Things I think I probably did wrong: boil with the lid on, add more water towards the end of the boiling (contributing to boil-over), not adding the Whirlfloc, not having a proper funnel for wort transfer, not cooling the wort quickly enough, and probably not aerating the wort enough.

Things I will definitely do next time: brew with the lid off, chill the diluting water before I mix it with the wort in the fermenter, rely on more diluting water rather than adding water to the developing wort, add the Whirlfloc before the boil is finished, use a proper funnel for wort transfer, and use an ice bath to bring the wort quickly down to yeast-pitching temperature.

OG: 1.052

FG: 1.015

UPDATE: The wort began fermenting sometime overnight, formed a nice krausen, and was bubbling away through Wednesday. Wednesday evening, the krausen was beginning to settle.

UPDATE 3/17/2012: The krausen fell about a week ago, and the airlock hasn’t seen activity in at least a few days.
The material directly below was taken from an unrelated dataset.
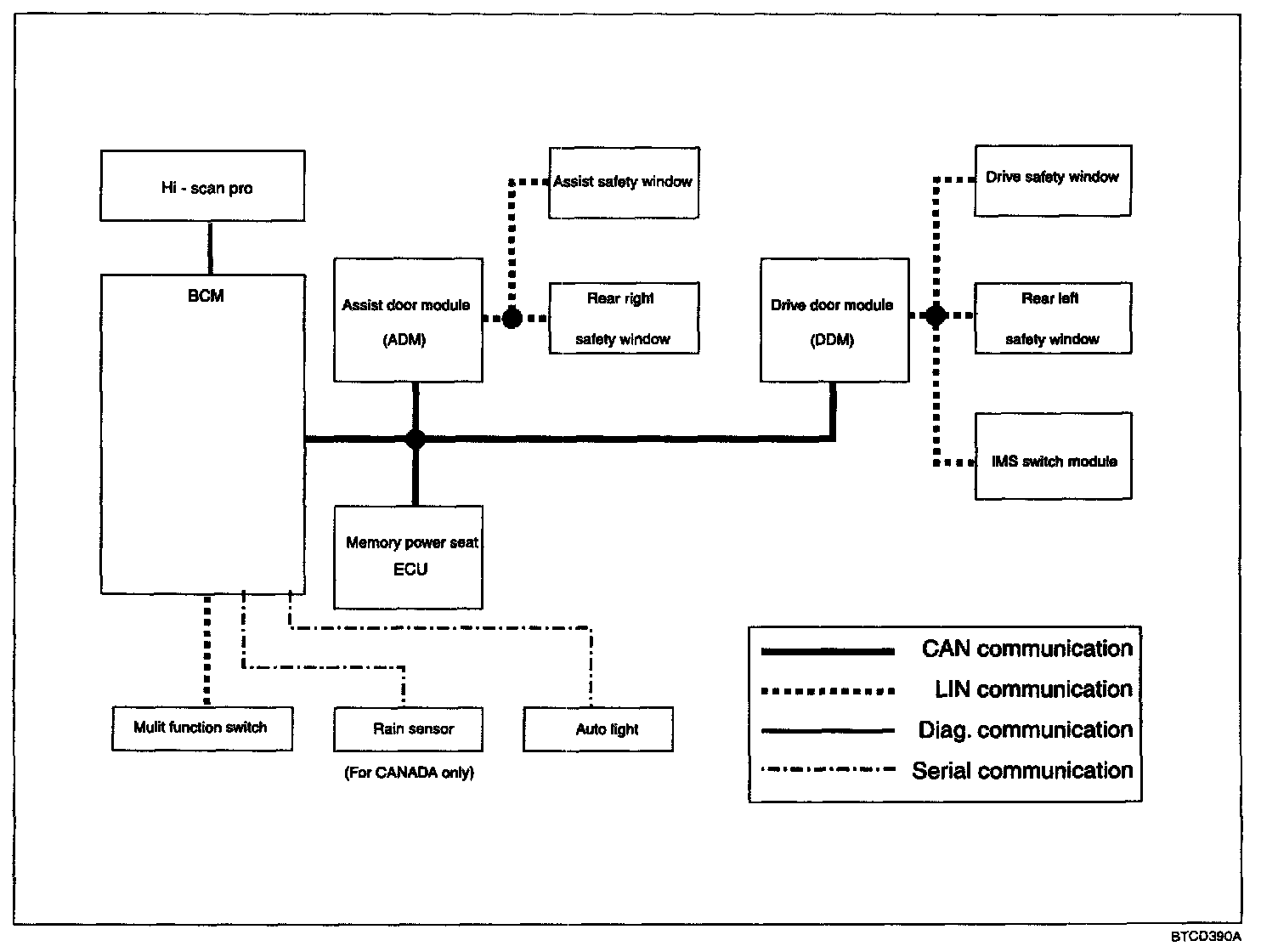The LIN (Local Interconnect Network) is a serial communications that efficiently supports the control of mecha-tronics nodes in distributed automotive applications. It is applied from Power window Switch to four SPW (Safety Power Window), Switch Module, BCM and Multi Function Switch. As the result, the high speed communication is set up by CAN and the low speed communication is set up by LIN. Additionally for diagnosing entire system, Hi-SCAN network is set up. This diagnosis communication can diagnose the condition (including actuator, switch, communication status) of each module which is connected to CAN system.

The fermenter (6gal plastic carboy) has been in the garage, which is not well insulated, and I was a little worried that the temperature fluctuation (between 50 and 70 degrees) over the past 2 weeks might prematurely kill the fermentation, however it seems to me that things have gone OK. I checked the FG, and it was about 1.015 (>70% attenuation), so we bottled. I first cleaned and de-labeled the bottles by letting them soak in a sink full of water with 1 scoop of OxiClean. I then scrubbed them with a bottle brush, rinsed them with tap water, and soaked them in StarSan solution. I boiled the priming sugar in 2c of water for 5 minutes (per directions), then added this to the bottling bucket before siphoning the beer from the fermenter into the bottling bucket. I filled 2 Russian River growlers, (29) 12oz bottles, and (1) 22oz bottle. One of the growlers got ~3/4 in head space, the other ~1.5 in head space. All of the bottles got ~3/4 – 1 in head space. We tasted the two samples used to measure gravity, and the beer was tasty 🙂 Nutty, with a bit of a coffee finish, and a little sweet. Lets see how it tastes in a few weeks.
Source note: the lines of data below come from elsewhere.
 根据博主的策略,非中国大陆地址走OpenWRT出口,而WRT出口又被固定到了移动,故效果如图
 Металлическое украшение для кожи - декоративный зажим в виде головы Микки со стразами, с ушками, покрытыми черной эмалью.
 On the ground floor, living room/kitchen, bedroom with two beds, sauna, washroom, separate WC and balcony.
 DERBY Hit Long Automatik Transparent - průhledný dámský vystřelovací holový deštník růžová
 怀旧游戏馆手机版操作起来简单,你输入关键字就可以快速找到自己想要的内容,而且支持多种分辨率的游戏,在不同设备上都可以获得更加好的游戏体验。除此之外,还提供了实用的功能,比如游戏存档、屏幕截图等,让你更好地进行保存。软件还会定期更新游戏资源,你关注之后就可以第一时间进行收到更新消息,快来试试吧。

UPDATE 3/31/2012: The brown porter has been bottle conditioning for just about 2 weeks. Today, Sarah and I cracked the first bottle to give it a taste. I have to say we were both pleasantly surprised 🙂 It had some characteristics of a robust porter, though not quite as robust. It was full bodied had some hints of the bittering and aroma hops that were used, and some elements of the dark malts came through to give it a complexity that was a bit more than we expected from our first homebrew. I’d place it half way between Anchor’s Breckle’s Brown and the Big Sky Bobo’s Robust Porter, though not quite as complex as either. Generally a good brown porter with some substance. Good carbonation (bubbles, and a very light head).
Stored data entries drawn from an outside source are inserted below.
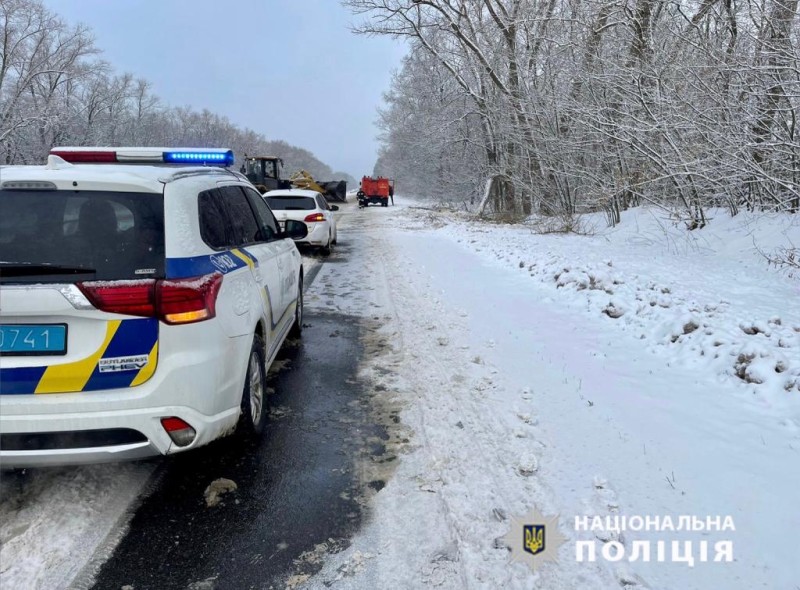 Поліція продовжує в посиленому режимі слідкувати за безпекою на дорогах області. Поліцейські разом з іншими оперативними службами ліквідовують наслідки негоди, допомагають громадянам долати труднощі: звільняють автівки зі снігової пастки, буксирують та допомагають безпечно виїхати зі складних ділянок доріг.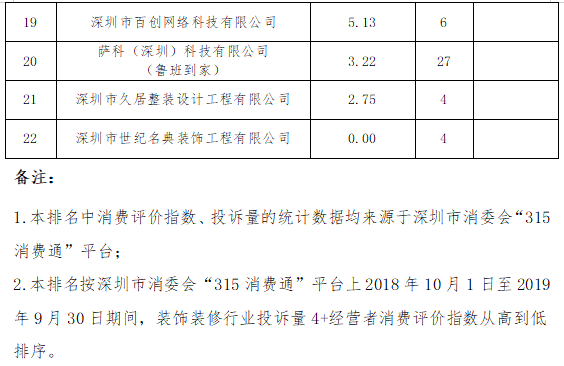 此外,本次公布的深圳市消委會裝飾裝修行業(yè)消費(fèi)評價指數(shù)排行榜中,深圳新家生活科技服務(wù)有限公司(9.00)、深圳市百創(chuàng)網(wǎng)絡(luò)科技有限公司(5.13)和薩科(深圳)科技有限公司(魯班到家)(3.22)3家經(jīng)營者未建立投訴處理便捷通道,投訴處理效率低于其他經(jīng)營者,增加了消費(fèi)者維權(quán)成本。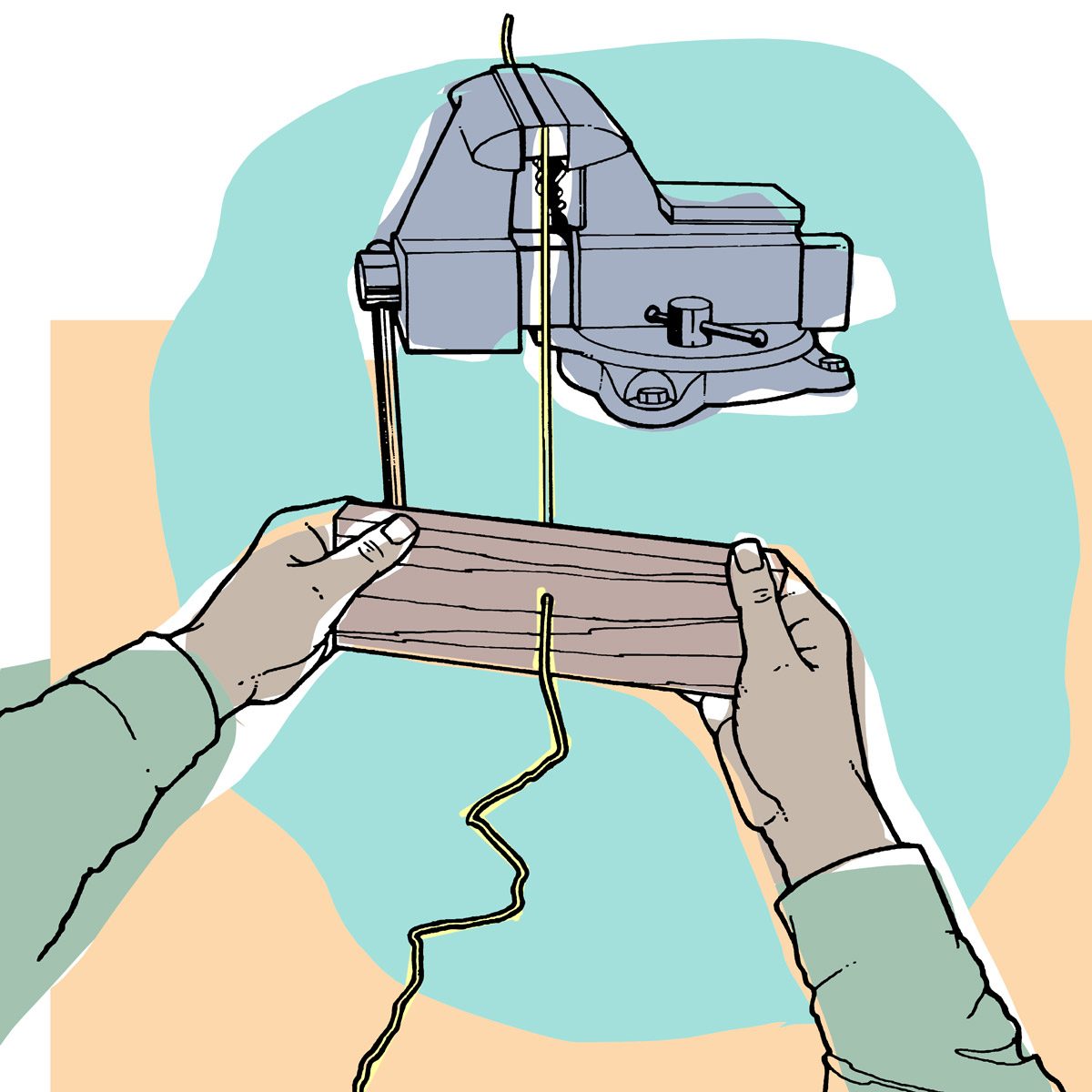 Here’s a method that works really great for getting kinks and bends out of wire—even fairly heavy wire: Drill a hole in an 8-inch long piece of 2×2 or 2×4. Make the hole slightly larger than the diameter of the wire. Slip the wire through the hole and clamp the end of the wire in a vise. Then, using the wood as a handle, pull the hole along the wire with both hands. — Ruth Whitehead

11/7/12: cracked open a bottle from the closet. It was a gusher (I’m guessing I bottled a little too early), but when the head fell, it was all toasty, caramel, a little molasses, and tasty 🙂

Update 2/17/13: cracked open a 22 that has been sitting in Zach’s closet since bottling day. Plentiful light-brown head, balanced and easy-drinking with a bit of coffee at the front, and some malty chocolate on the finish. Delicious!!! Gotta brew this one again, esp if I can get an AG version.